Before my brain injury, I created a vision of what would be a perfect life when we moved to the USVI. My life on the island looked nothing like that vision I had in Alaska in 2011, hahaha. But what is wild and makes me feel aligned is that I am living that life right now! I wanted a job that pays me a decent wage, that used my brain and didn’t leave me bored, while also giving me time and freedom to enjoy my life. My current public accounting role is exactly that, and I am grateful. I work hard during the cold months of the year, and significantly less the rest of the year. My annual hours are still full time, even though I work about 26-30 hours each week outside of tax season.
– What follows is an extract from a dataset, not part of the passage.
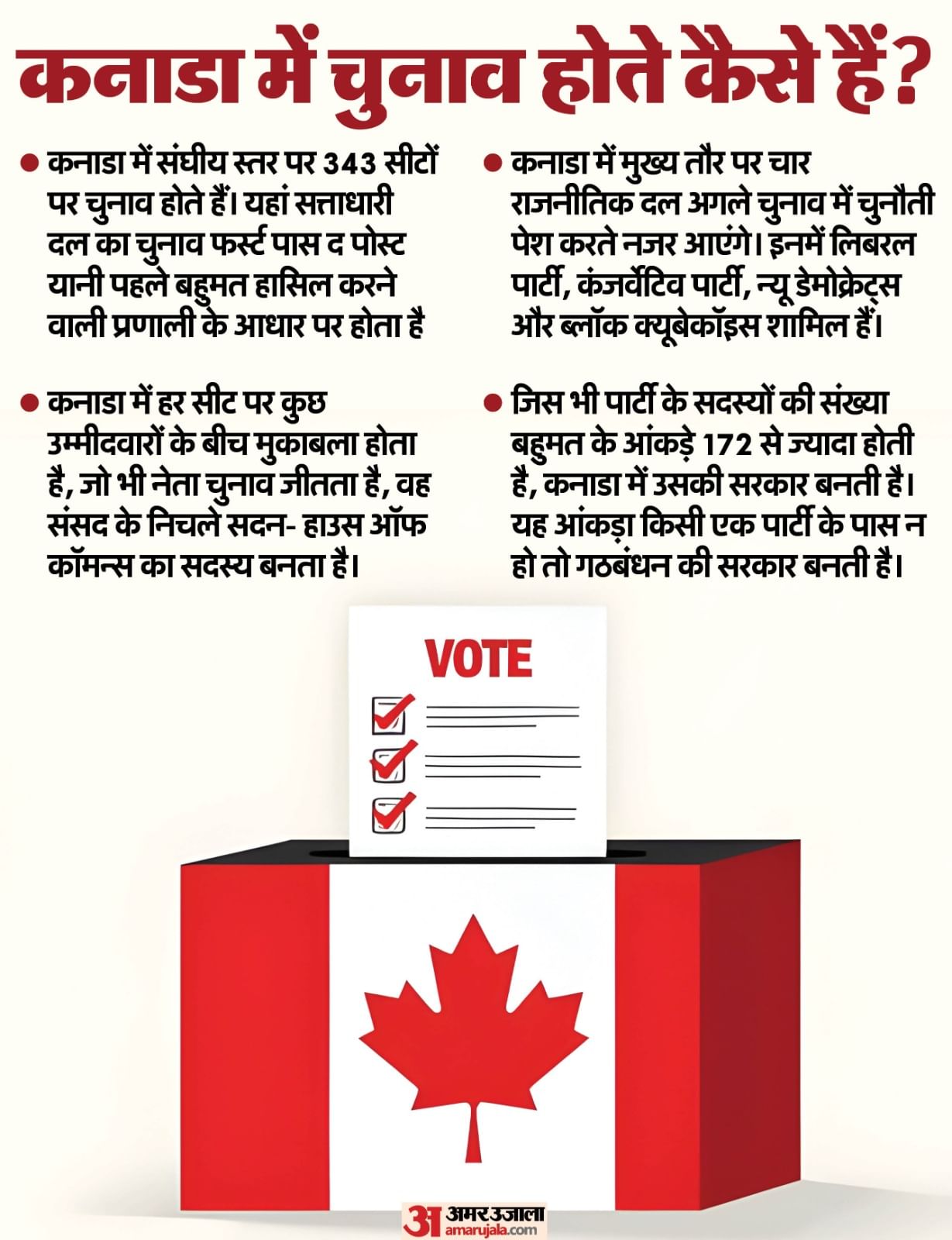 कनाडा में 28 अप्रैल यानी आज आम चुनाव के लिए मतदान का दिन है। कनाडा के समयानुसार सुबह 7 बजे से वोटिंग शुरू हो गई, जो कि शाम के 7 बजे तक जारी रहेगी। यानी भारतीय समयानुसार सोमवार शाम 4.30 बजे से मंगलवार सुबह 4.30 बजे तक वोटिंग जारी रहेगी। इसके बाद मतगणना का दौर शुरू हो जाएगा।ये तो हो गई कनाडा में नई सरकार के लिए होने वाले चुनाव के समय की बात। हालांकि, ऐसे कई और मुद्दे हैं, जिन्हें जानने के बाद ही कनाडा में इस बार होने वाले चुनावों को ठीक ढंग से समझा जा सकता है। मसलन, कनाडा के चुनाव इस बार अलग क्यों हैं? अमेरिका में डोनाल्ड ट्रंप के राष्ट्रपति बनने के बाद से कनाडा में सियासी समीकरण कैसे बदले हैं? कनाडा में चुनाव का तरीका क्या है? प्रधानमंत्री का चुनाव कैसे होगा? मुकाबला किस-किस चेहरे के बीच में है? आइये जानते हैं...

That free time outside of tax season has been filled with the rest of my passions I dreamed of pursuing. I have a home that I love and do work to make it well always taken care for my family. I have a garden that keeps on expanding each year, which brings me joy and uses my mind. I have volunteered nearly 4 work weeks’ worth of time, not including my service on boards, this year with different organizations. 8 years ago, I had a goal to one day serve on a board of directors. I am currently on 2 different boards.
I run a virtual wellness gym. I have turned my health around 180 degrees since my brain injury. I am the strongest I have ever been in my life. I quit smoking 6 years ago, and that was something I never thought possible from 19-30 years old. This year I also felt called to get myself back into reading fiction books and memoirs. Damn am I glad I listened to that gut request! My biggest shocking hobby startup for me this year is the purchasing and playing Harry Potter Legacy. I have not allowed myself the time to binge play games in well over a decade, and it feels pretty dang good.
Is my life exactly where I want it to be right now? No. Is every relationship in my life perfect and flowing with unconditional love? No. Does that mean my life sucks right now? Absolutely not! Overcoming adversity has become kind of my thing, and I am learning to embrace the growth. The past 10 years I have found myself, and I love me. I have strengthened my marriage and my relationship with my son. I have manifested my career path, which brings me joy. I serve my community, and that also brings me joy. I also have healthy hobbies that I do guilt free. I need way more time to express how guilt free hobbies are a huge growth for me. I once prayed to be where I am right now, and I am grateful that I did.